Elizabeth: Well, needless to say, I was shocked that he was unable to speak. Something major had obviously happened, but i had no idea what ... or why he couldn't tell me. So I ran to get the writing tablet.
Reporter: And once you read it?
Elizabeth: Oh my! Tears of joy streamed down my cheeks. How could this be? I was in total awe of God's goodness and His favor on us.
Reporter: Your husband asked Gabriel the same question, except not exactly from a place of wonder and awe. Were you disappointed by Zechariah's initial disbelief?
Elizabeth: Zechariah is a good man, a righteous man, but I know how hope deferred can make the heart sick.
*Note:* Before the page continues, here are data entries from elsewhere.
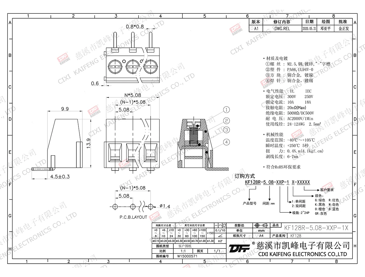 固定式接线端子 KF128R(H:13.9)-5.00mm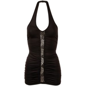 Zartschwarze Transparenz, verspielt feminin. Blütenspitze und viele Raffungen modellieren jede Rundung.
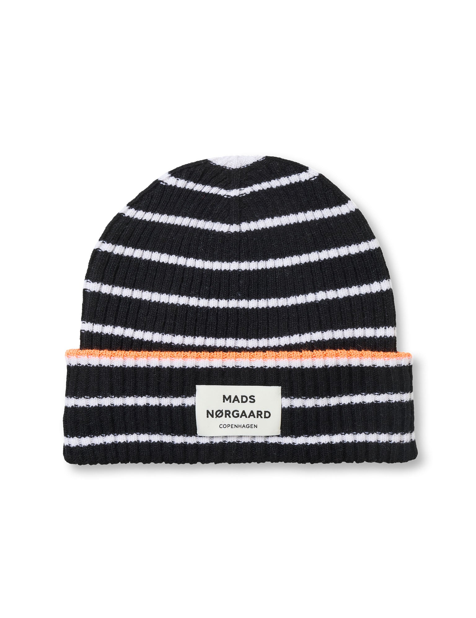 Weiche Rippstrickmütze mit einer breiten, doppelt umgeschlagenen Krempe, schmalen Streifen und aufgenähtem Logo-Etikett.

I was disappointed for him, not in him.
Reporter: You still had hope?
Elizabeth: My desire was for a child, but my hope has always been in the Lord. You know, I think of all the times Zechariah and I prayed for a child during all those years of suffering barrenness, not knowing that every detail of John's conception, birth, and life had already been planned.
Reporter: How did you respond to the news that your child would grow up to be the messenger who, in the strength of Elijah, would herald the arrival of the Messiah?
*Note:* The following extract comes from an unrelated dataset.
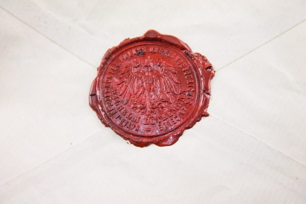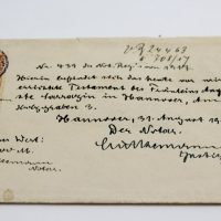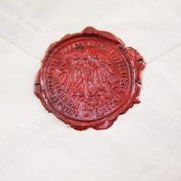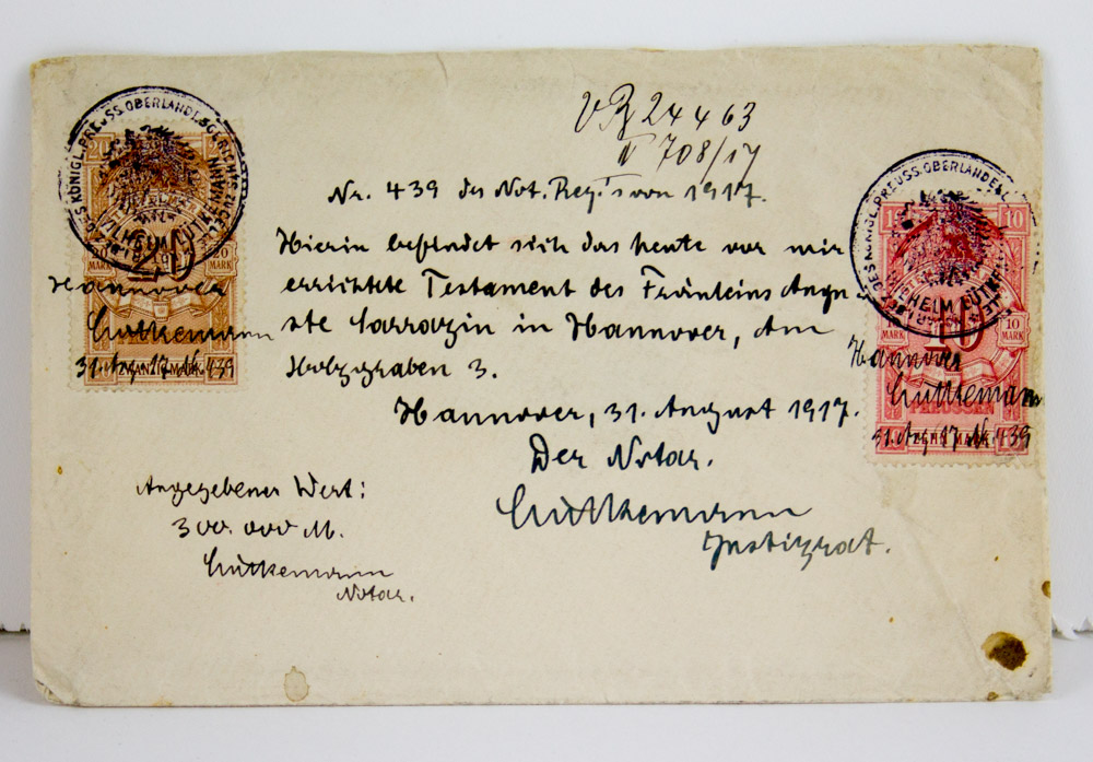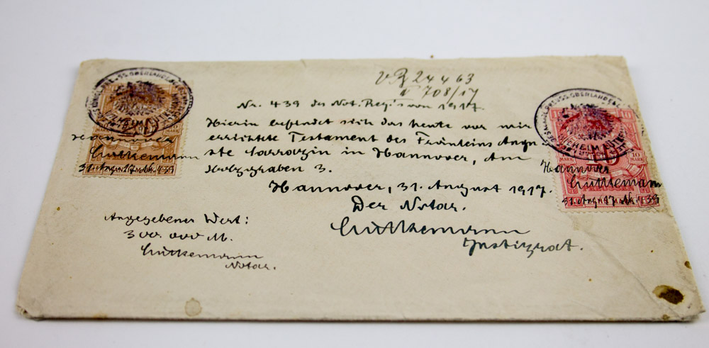 - Beschreibung: Der Briefumschlag ist auf der Vorderseite mit zwei Briefmarken, sowie dem Stempel des Notars versehen. Die Informationen zu dem Testament sind fein säuberlich auf den Umschlag geschrieben. Der Umschlag ist gesiegelt. Das Siegel ziert ein Wappenadler. Im Siegel selber steht ‘Notar Bei. des Königl. Preuss. Oberlandesgerichts zu Gelle’ & ‘Wilhelm Lütkemann’. Das Testament ist nicht vorhanden.

Elizabeth: I still marvel at how we used to read about "the one" calling out in the wilderness," years before we knew that one would be our son. I dropped to my knees in awe of the Lord's favor. I was so completely overwhelmed with joy and gratitude. For the first five months of my pregnancy, I remained in seclusion, relishing the miracle inside me ... and what it would mean for God's people. He chose me for this. He chose me.
Reporter: Why do you think it all happened the way it did?
Elizabeth: Clearly, John's life was fashioned to fulfill the promises God made through HIs holy prophets. But why me? Why did I get to be his mother? Only God knows. I imagine He wanted to make it extra clear that it was all Him. That nothing is impossible with God. Our miraculous little family is proof. And since no one can deny that, we'll boast all the more in the hope of the glory of God.
We were chosen.
PRAYER FOCUS
Be brave and ask God not to relieve you of the tough circumstances or long wait for answers but to change you through them.